Racing's reaction has not started from the blocks, but this year there will be extra evening meetings (the increasingingly popular cards). More needs to be done, and it must be time for an alternative superbet to be instituted to draw back punters who previously backed horses but now speculate on a load of balls.

Another apology will have to come following the Derby, which will again, inevitably, be a disaster when it is run on a Saturday (and at an earlier time to accommodate football's European championship). Organisers will soon have to recognise that the Derby belongs on the first Wednesday in June, and moving it is rather like shifting Songs Of Praise to a Thursday afternoon.

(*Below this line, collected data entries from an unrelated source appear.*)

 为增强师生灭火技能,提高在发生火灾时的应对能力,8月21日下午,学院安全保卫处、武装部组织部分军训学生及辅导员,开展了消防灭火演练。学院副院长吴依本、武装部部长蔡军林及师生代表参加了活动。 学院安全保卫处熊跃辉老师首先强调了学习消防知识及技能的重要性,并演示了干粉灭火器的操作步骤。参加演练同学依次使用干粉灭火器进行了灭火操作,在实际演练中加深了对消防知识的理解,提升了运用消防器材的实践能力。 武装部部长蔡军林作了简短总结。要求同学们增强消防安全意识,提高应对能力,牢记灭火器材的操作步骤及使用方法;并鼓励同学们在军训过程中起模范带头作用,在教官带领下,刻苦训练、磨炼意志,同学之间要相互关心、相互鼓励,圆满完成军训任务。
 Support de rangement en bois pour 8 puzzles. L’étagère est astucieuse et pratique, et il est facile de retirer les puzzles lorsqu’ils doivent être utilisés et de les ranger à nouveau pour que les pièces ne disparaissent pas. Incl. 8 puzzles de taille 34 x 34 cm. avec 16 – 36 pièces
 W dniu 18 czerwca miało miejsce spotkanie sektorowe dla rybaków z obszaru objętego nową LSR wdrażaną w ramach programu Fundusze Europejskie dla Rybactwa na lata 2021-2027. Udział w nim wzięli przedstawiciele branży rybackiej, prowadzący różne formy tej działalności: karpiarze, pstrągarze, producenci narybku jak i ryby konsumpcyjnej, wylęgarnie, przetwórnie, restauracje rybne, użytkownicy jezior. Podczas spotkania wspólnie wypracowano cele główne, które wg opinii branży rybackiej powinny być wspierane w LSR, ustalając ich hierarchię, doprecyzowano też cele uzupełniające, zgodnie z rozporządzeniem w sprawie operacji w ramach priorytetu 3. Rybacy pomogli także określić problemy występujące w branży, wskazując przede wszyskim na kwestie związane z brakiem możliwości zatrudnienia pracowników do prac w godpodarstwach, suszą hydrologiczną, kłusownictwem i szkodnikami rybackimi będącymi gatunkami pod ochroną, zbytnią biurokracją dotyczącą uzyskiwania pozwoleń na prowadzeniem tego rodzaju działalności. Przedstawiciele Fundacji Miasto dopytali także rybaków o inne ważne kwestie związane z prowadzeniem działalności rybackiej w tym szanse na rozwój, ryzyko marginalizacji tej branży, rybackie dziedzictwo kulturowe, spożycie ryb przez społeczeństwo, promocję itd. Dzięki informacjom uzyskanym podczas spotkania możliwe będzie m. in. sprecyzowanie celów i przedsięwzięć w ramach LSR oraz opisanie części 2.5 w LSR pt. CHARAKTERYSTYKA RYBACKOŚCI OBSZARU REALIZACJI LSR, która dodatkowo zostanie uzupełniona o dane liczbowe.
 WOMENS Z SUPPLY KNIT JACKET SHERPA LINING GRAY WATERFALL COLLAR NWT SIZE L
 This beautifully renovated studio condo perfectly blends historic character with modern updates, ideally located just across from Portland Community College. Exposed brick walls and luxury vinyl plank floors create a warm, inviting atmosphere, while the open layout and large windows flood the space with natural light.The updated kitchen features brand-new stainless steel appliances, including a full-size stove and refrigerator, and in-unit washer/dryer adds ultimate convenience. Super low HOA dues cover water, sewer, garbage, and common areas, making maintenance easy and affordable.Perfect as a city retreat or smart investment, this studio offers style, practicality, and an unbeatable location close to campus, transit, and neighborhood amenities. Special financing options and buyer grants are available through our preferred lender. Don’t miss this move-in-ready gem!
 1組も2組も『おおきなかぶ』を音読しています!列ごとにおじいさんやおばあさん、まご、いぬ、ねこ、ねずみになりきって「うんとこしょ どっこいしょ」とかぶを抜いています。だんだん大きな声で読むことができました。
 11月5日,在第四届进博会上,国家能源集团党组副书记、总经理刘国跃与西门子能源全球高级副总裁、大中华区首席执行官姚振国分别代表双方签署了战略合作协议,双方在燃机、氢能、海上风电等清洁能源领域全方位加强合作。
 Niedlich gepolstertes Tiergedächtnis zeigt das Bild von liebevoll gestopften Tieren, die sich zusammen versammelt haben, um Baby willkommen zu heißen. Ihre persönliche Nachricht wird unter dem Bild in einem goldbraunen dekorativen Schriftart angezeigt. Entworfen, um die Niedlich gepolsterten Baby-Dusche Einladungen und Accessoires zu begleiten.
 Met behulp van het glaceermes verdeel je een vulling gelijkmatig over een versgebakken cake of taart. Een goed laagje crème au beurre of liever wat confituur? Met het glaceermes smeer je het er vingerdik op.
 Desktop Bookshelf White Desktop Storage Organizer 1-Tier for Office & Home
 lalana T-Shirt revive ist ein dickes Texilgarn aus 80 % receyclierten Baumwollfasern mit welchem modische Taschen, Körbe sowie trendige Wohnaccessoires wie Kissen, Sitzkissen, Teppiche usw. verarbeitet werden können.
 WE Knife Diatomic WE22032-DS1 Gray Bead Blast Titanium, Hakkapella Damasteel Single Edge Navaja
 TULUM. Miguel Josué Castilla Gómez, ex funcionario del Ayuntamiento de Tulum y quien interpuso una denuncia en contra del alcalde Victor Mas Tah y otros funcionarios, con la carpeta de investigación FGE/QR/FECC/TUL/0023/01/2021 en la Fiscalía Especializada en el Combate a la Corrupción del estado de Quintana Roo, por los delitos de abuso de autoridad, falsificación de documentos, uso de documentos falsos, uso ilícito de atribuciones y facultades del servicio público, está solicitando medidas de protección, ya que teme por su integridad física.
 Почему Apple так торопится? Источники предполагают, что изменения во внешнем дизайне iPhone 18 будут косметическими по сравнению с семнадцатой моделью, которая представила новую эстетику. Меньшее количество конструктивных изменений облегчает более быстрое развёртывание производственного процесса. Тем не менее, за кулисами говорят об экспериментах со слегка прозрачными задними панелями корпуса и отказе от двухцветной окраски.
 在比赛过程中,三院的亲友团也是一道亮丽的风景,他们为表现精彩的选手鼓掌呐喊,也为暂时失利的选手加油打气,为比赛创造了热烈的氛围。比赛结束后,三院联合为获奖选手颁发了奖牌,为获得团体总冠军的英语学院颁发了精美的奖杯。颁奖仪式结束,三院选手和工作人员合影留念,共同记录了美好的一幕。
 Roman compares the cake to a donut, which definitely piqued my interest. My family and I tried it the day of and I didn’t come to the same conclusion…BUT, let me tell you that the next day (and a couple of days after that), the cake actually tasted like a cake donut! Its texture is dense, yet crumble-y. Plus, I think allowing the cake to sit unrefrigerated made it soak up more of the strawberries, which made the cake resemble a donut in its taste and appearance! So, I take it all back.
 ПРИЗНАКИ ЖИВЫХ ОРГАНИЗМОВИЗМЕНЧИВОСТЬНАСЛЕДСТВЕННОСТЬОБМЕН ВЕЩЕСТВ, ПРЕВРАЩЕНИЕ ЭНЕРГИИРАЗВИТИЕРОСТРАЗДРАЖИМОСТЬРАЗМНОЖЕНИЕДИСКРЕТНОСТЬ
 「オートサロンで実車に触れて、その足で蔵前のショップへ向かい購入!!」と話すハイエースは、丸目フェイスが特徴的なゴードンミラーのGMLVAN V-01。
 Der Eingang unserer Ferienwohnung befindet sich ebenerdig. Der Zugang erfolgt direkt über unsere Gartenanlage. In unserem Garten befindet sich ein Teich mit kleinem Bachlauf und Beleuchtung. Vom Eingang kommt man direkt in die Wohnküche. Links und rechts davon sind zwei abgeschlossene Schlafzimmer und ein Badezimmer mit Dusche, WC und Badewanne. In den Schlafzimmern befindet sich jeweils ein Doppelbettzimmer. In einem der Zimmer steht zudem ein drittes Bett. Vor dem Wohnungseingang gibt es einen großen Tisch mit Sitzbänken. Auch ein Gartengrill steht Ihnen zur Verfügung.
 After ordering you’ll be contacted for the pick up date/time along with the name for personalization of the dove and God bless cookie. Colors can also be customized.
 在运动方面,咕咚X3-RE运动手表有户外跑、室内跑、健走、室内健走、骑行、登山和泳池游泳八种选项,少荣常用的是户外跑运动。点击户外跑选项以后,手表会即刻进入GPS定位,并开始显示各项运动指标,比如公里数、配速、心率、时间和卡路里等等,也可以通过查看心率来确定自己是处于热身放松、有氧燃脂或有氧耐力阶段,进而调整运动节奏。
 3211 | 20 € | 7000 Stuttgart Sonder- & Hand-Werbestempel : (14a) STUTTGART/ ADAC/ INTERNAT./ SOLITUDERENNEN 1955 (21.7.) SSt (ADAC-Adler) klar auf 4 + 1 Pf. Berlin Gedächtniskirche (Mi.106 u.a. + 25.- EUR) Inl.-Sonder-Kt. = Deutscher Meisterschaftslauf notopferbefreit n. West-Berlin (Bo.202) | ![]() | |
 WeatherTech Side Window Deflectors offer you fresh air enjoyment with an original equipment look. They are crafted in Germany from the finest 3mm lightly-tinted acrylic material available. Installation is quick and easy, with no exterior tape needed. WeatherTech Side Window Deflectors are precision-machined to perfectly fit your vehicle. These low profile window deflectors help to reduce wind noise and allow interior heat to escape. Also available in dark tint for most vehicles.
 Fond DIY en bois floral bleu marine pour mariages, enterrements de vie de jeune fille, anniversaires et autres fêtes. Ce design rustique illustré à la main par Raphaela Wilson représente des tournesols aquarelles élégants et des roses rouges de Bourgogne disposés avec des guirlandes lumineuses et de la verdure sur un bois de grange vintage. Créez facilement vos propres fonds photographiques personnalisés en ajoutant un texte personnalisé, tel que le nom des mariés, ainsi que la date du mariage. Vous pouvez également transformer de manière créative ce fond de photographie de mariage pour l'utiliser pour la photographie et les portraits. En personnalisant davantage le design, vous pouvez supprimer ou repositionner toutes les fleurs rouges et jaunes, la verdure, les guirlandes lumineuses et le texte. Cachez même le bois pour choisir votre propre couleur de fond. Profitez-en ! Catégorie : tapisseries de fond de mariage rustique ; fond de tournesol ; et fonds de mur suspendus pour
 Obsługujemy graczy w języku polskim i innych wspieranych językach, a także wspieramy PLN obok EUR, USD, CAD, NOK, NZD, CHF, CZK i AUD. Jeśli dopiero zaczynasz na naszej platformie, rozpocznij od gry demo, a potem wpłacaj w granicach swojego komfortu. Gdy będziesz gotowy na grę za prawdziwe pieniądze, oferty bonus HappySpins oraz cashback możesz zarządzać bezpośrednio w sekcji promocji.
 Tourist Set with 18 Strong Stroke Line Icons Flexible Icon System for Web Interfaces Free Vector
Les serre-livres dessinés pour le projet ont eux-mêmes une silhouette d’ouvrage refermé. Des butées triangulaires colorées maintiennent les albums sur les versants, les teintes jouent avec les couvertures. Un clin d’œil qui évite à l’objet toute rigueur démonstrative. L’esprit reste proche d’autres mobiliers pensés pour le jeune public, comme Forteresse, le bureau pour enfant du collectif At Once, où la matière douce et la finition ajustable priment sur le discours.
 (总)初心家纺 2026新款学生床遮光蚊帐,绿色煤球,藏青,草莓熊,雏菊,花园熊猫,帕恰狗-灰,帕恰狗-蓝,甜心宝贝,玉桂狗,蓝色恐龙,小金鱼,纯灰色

People do not like unilateral alterations in this land of tradition as Epsom's pathetic Derby meeting crowds demonstrated.

There is change also in the power base of National Hunt riding with a new wave of jockeys, and the championship likely to go to either Tony McCoy or David Bridgwater. The Flat jockeys' title should be less contentious as Lanfranco Dettori holds the sport like George Best did football.

Dettori will ride many of the Godolphin horses which are now simmering away gently in the heat of the Emirates. Unless the last two years have provided rogue evidence, the animals from Dubai will again have a marked advantage.

Godolphin's leader, Sheikh Mohammed, goes into the campaign for the first time in many years without the name of Henry Cecil among his employees. The Warren Place trainer has restocked his yard following the ugly split last year and will be keen to show it was the shooter and not the ammunition which brought success.

While Lammtarra won the Derby for Godolphin, Sheikh Mohammed has yet to capture the premier Classic in his own colours. Once again he has multiple entries and it could be that this is his year. It is to be hoped his first Derby will go down as the last to be run on a Saturday.

PREDICTION: Derby to return to a Wednesday after another poor Saturday reception.